Segment Open
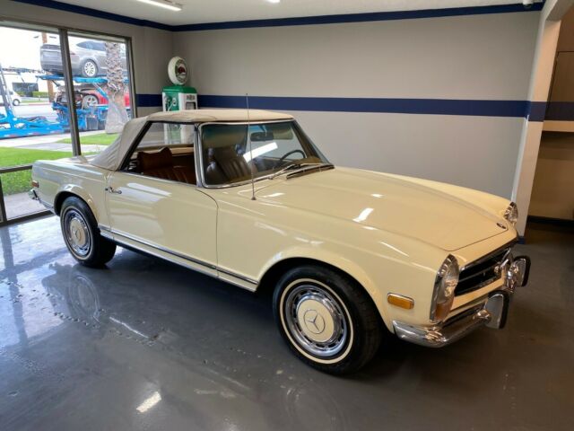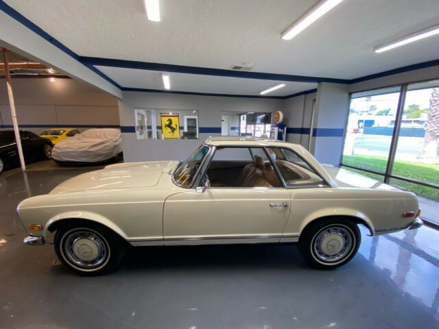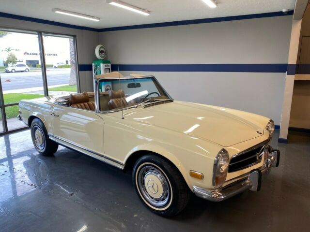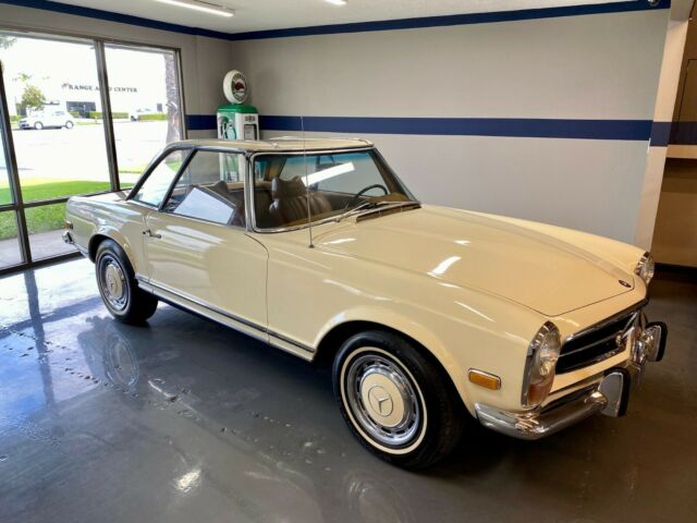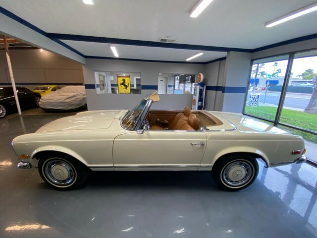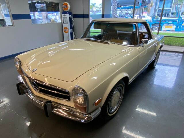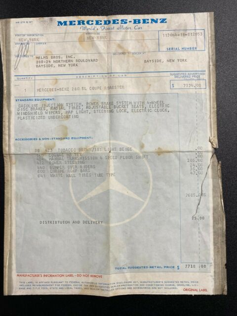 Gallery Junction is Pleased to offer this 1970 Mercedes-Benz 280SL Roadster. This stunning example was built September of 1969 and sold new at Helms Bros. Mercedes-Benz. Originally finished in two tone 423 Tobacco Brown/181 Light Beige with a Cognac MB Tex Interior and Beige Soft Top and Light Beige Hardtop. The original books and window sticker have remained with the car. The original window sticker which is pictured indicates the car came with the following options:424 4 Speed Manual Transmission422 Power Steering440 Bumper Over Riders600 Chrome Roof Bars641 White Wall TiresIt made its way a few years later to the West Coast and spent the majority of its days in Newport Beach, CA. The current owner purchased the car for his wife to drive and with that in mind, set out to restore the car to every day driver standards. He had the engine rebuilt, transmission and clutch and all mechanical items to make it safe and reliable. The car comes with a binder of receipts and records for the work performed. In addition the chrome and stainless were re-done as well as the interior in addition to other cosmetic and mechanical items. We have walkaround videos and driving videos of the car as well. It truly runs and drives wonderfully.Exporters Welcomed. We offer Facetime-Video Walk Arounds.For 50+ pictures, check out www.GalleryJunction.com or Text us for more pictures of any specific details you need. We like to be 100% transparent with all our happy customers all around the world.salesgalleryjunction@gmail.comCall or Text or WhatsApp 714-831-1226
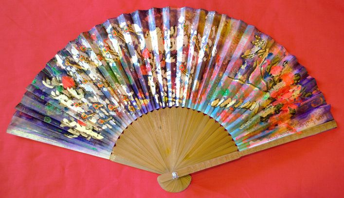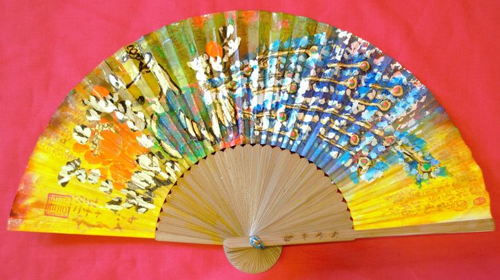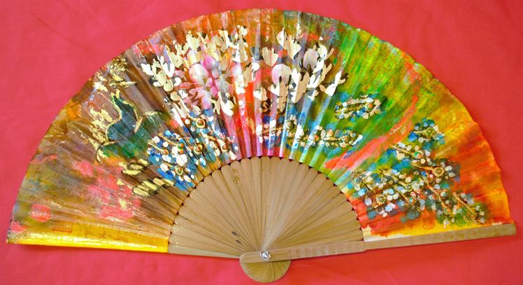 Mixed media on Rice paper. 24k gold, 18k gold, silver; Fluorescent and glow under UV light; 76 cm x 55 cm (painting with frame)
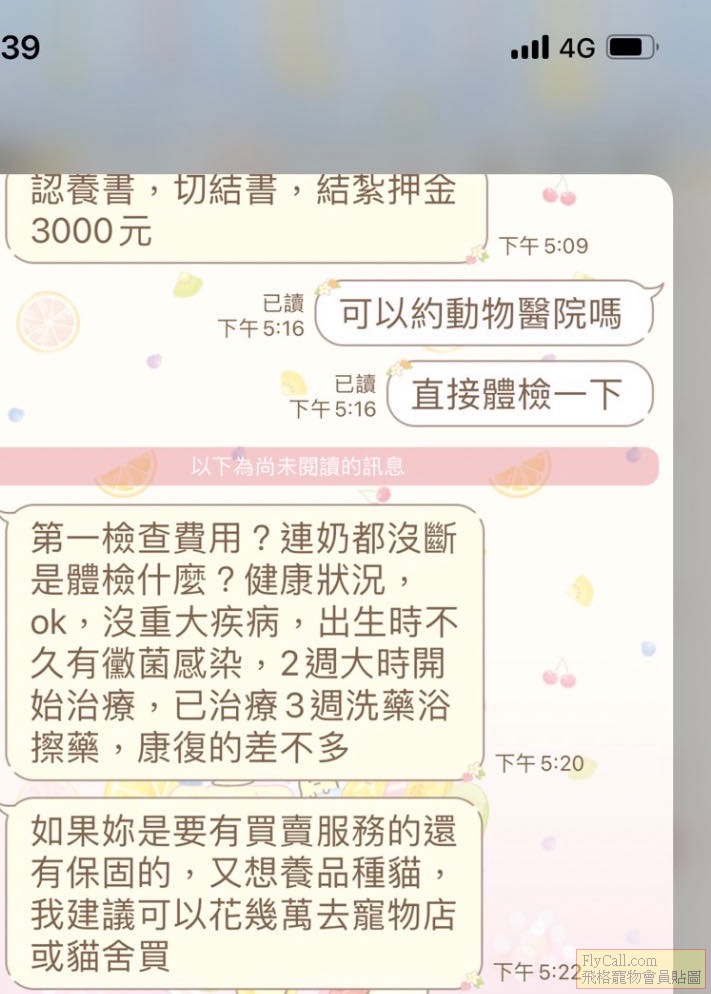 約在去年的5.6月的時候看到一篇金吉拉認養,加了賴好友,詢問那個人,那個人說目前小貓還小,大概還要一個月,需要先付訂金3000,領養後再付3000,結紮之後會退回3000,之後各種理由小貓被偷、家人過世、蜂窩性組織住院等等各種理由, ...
Segment Closed
== Exercise objective ==
Only the lines from the one containing "Mixed media on" through the final line of the material should appear in the answer, copied exactly and without any picture.

== Task response ==
 Mixed media on Rice paper. 24k gold, 18k gold, silver; Fluorescent and glow under UV light; 76 cm x 55 cm (painting with frame)
 約在去年的5.6月的時候看到一篇金吉拉認養,加了賴好友,詢問那個人,那個人說目前小貓還小,大概還要一個月,需要先付訂金3000,領養後再付3000,結紮之後會退回3000,之後各種理由小貓被偷、家人過世、蜂窩性組織住院等等各種理由, ...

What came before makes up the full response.